By comparison, the EIA estimates that 2,989,844 Americans were directly employed by the fossil fuel industry (which includes fuels and electric power generation from coal, natural gas, and petroleum; and the manufacturing of gasoline and diesel-powered vehicles and their component parts).
And then there are the prospects of continued capital investment in renewables and clean energy applications. It is here that some pundits have suggested the effect of the Washington decision would have its greatest weight.
Clean Energy Investment Continues, With or Without D.C.
But apparently not – at least to date.
The departure of government subsidies in some states, the continuation in others (California, in particular), and the commitment by state and city officials throughout the country to continue the Paris standards, have combined to provide an interesting picture.
Solar and wind now have achieved grid parity with both coal and natural gas in many regions of the country. That means the move in their direction is continuing as levels of efficiency begin to kick in. But the real story may be elsewhere.
When clean energy initiatives encompass moves to increase efficiency in energy usage – smart grids, building construction, insulation, and the like – U.S. investment is actually increasing to include new real estate investment trust (REIT) and limited partnership clones.
The issue may instead be funding the next generation of renewable breakthroughs. Most of the American-based investment is focused on current status projects. The intensive capital infusions necessary for genuine next level innovations are more problematic.
This is where the real result from the U.S. departure from the Paris Accord may well be experienced.
China is Taking the Technological Lead
Here, China has become the main focal point for developments in the Accords and has taken over the leading worldwide role in renewable technology.
In solar, Beijing already has the leading position in the next wave of technology, while Chinese research has unveiled what may be the next stage of wind turbines.
Yet these are coming at a price.
China has amassed an impressive array of research facilities fueled by significant government commitments of funds and manpower. Solar applications are already providing entire areas with just about 100% of their power requirements; the country leads the world in solar panel production and installation.
But this change in emphasis has been taxing the national infrastructure. This is a grid that remains dependent upon coal for electricity generation. Despite the advances in alternative energy sources, China still needs to put a new medium-sized coal-fueled power plant on line every week to keep up with demand.
Each of the new advances hailed in solar or wind comes with an additional cost. This is not an integrated system. These are largely stand-alone embellishments, there to prove the concept without providing any genuine expansion of scope.
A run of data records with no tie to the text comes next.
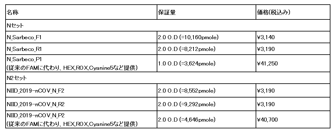 | 新型コロナウイルス検出用 N&N2プライマー・プローブセット合成 500反応/1セット \55,000(税込み価格) |
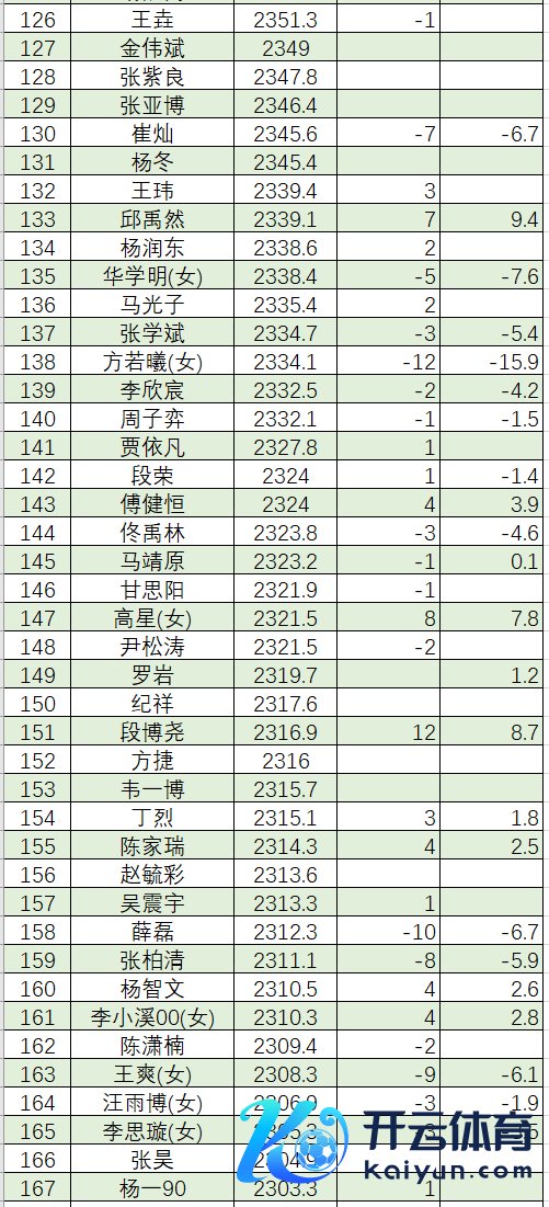 聂卫平 2333.1 陈 瑞 2332.0 庞 延 2330.0
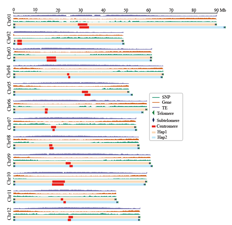 图1 两套单倍型中的端粒、亚端粒和着丝粒的分布及Hap1 中的 SNP、基因和转座子(TE)的分布
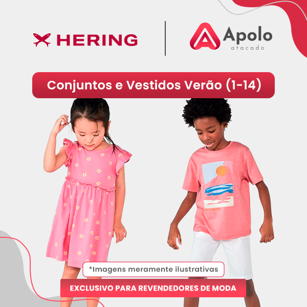 Oportunidade para lojistas e revendedores de moda infantil com mix de conjuntos e vestidos Hering kids saindo a R$ 39,90 cada peça! Grade: 1 - 14 para eles e para elas! Estampas divertidas, mix de tecidos, peças cheias de qualidade e extremo conforto. Vendido em kits com 30 peças no valor de R$ 1.197,00.
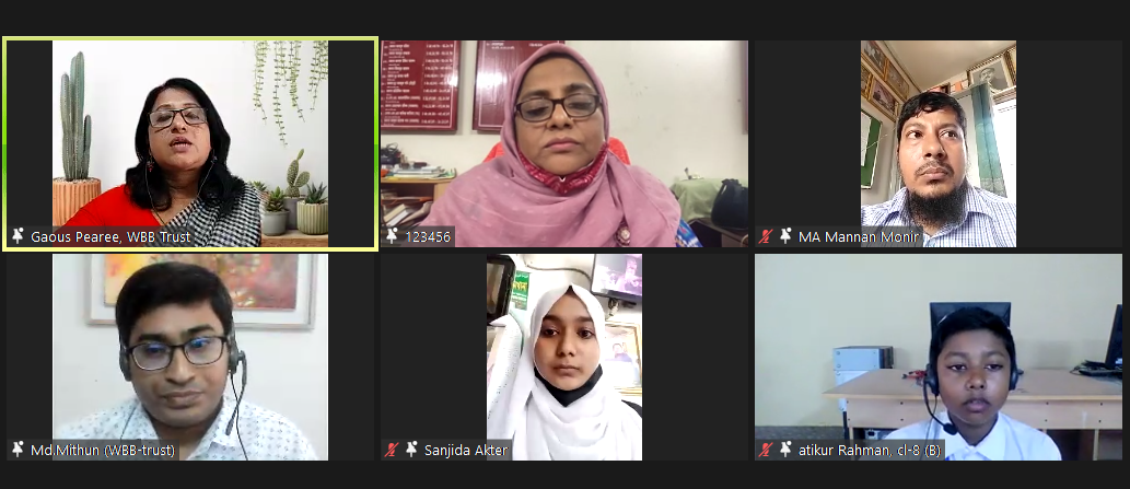 ওয়ার্ক ফর এ বেটার বাংলাদেশ ট্রাস্ট এর পরিচালক গাউস পিয়ারী’র সভাপতিত্বে এবং সহকারি প্রকল্প কর্মকর্তা মো: মিঠুনের সঞ্চালনায় আয়োজনে বক্তব্য রাখেন ঢাকা আইডিয়াল ক্যাডেট স্কুলের প্রধান শিক্ষক এম. এ. মান্নান মনির, রায়ের বাজার উচ্চ বিদ্যালয়ের প্রধান শিক্ষক মেহেরুন্নেসা, রায়ের বাজার উচ্চ বিদ্যালয়ের ৮ম শ্রেণীর শিক্ষার্থী আতিকুর রহমান এবং ঢাকা আইডিয়াল ক্যাডেট স্কুলের ১০ম শ্রেণীর শিক্ষার্থী সানজিদা আক্তার।
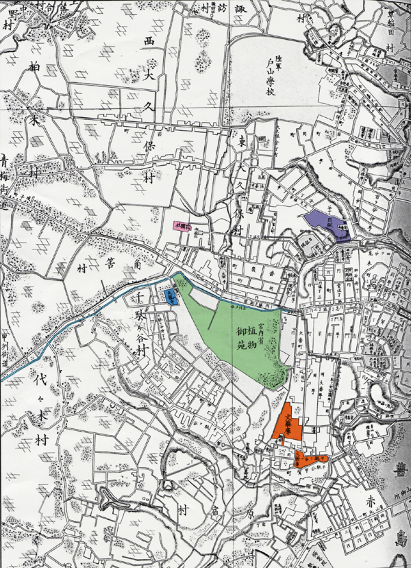 そのさらに北がわには大村子爵の大村邸、東大久保の前田侯爵の前田邸、番衆町の濱野邸があり、
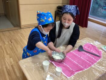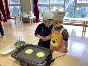 先日、幼稚園より一足早く、2025年度のひまわりぐみが終了いたしました。週1回の開催でしたが、子どもたちは色々なことができるようになりました。お父様お母様と離れて、ひまわりぐみに通う経験もし、心も成長しました。とは言え、まだまだ小さな小さな可愛い子どもたち。これからも子どもたちが健やかに成長していくことを願っております。 ☆絵本『こぐまちゃんのほっとけーき』を読んでホットケーキを作りました☆ ひまわりぐみの教育にご理解ご協力いただいた保護者の皆様、ありがとうございました。
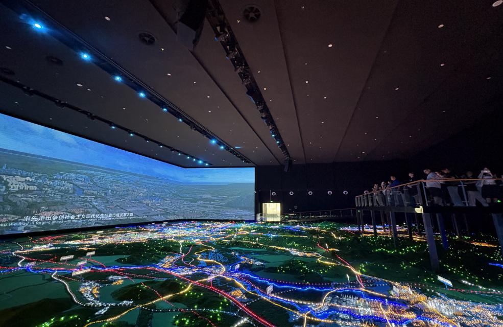 在LED环幕秀中,学生们穿越了绍兴历史轴线:从范蠡筑“蠡城”到南宋“宋城”,绍兴历经三次建城高潮,形成“一河一街”的水乡肌理;回顾了绍兴缔造近代工业转型的历程:以“国际纺都”柯桥的纺织业数字化改造为例,说明传统产业如何通过创新焕发新生;还畅想了绍兴未来发展蓝图:聚焦“胆剑精神”,绍兴以融入长三角一体化、建设共同富裕示范区为目标,打造“智造强市”与“文化名城”双轮驱动的发展路径。

For that, China must rely on what is still a highly undercapitalized domestic investment base. Unlike the U.S. or Western Europe, Chinese R&D (or the perhaps the more accurate European term “RTD” – standing for “research and technical development”) remains heavily dependent upon direct or indirect government finance.
This is very inefficient, distorts and imbalances the central budget, while obliging greater expenditures from “off the book” accounts. That combined with heavy additional government subsidies and export support makes for a very expensive proposition.
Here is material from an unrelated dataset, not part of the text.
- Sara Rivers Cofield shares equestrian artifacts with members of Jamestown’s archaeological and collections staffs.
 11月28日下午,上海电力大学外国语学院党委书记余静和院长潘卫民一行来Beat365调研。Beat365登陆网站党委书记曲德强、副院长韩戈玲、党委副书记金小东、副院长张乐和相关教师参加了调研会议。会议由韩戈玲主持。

Despite the rise of some equity-based funding, the lack of any real private investment sector prevents the knock-on effect in applied market areas and the decisively important dilution of risk.
After all, there have been few technological advances that have been able to transform economies until they have been broadly applied. That requires an integrated network of technology and finance, further requiring the private capital motives animating entrepreneurship.
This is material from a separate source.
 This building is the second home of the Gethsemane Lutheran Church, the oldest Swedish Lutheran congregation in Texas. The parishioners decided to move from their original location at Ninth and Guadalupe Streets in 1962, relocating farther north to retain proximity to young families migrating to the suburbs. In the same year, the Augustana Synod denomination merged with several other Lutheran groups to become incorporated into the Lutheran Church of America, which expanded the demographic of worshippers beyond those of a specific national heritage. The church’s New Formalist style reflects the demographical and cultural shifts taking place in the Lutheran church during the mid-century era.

No amount of central finance and planning can replace the private profit motive.
That’s where the Saudis may be entering the equation.
The Saudi Vision of Win-Win Renewables Investment
In the ramp up to the IPO of Saudi Aramco, the Saudi National oil company, some interesting sidebars are emerging. This may be a float of “only” 5% in the oil giant, but it will still result in the largest sovereign investment fund ever created.
I have previously discussed how the proceeds will be utilized. Saudi Crown Prince (and heir apparent) Mohammad bin Salman, via his “Vision 2030,” intends to diversify the Saudi economy and move it from unitary dependence on crude oil export revenues.
Some of this will take place internally. But the bulk of the diversification will take place outside the country. For the first time in history, a national economic diversification will largely transpire through the acquisition of non-oil assets in other countries.
It is the national revenue flow that will be diversified. For this Prince Mohammad will utilize the Saudi Council for Economic and Development Affairs, which he just happens to chair. The Council, in turn, will establish the Public Investment Fund (PIF). And PIF just happens to be the entity receiving the windfall from the Aramco IPO.
Here is where it gets interesting. I was given notice during my last series of meetings in the Persian Gulf that the PIF intends to invest in next generation energy technologies, especially in solar (where the Saudis have already made a sizable domestic investment).
In advance of the move on renewable RTD, the Saudis have begun using existing sovereign wealth funds to accumulate positions in publicly traded Chinese solar and wind power companies. Additionally, Riyadh has approved joint initiatives between Saudi and Chinese research centers.
As the Saudi investment largess moves into the global marketplace, Chinese renewable leadership may have the near-term finance it requires. The Saudis intend on profiting from the advances, but – at least for the time being – the actual technology centers will remain in China.
Seems a win-win scenario for what still can be a risky energy gambit, one made more likely by a hasty decision from Washington.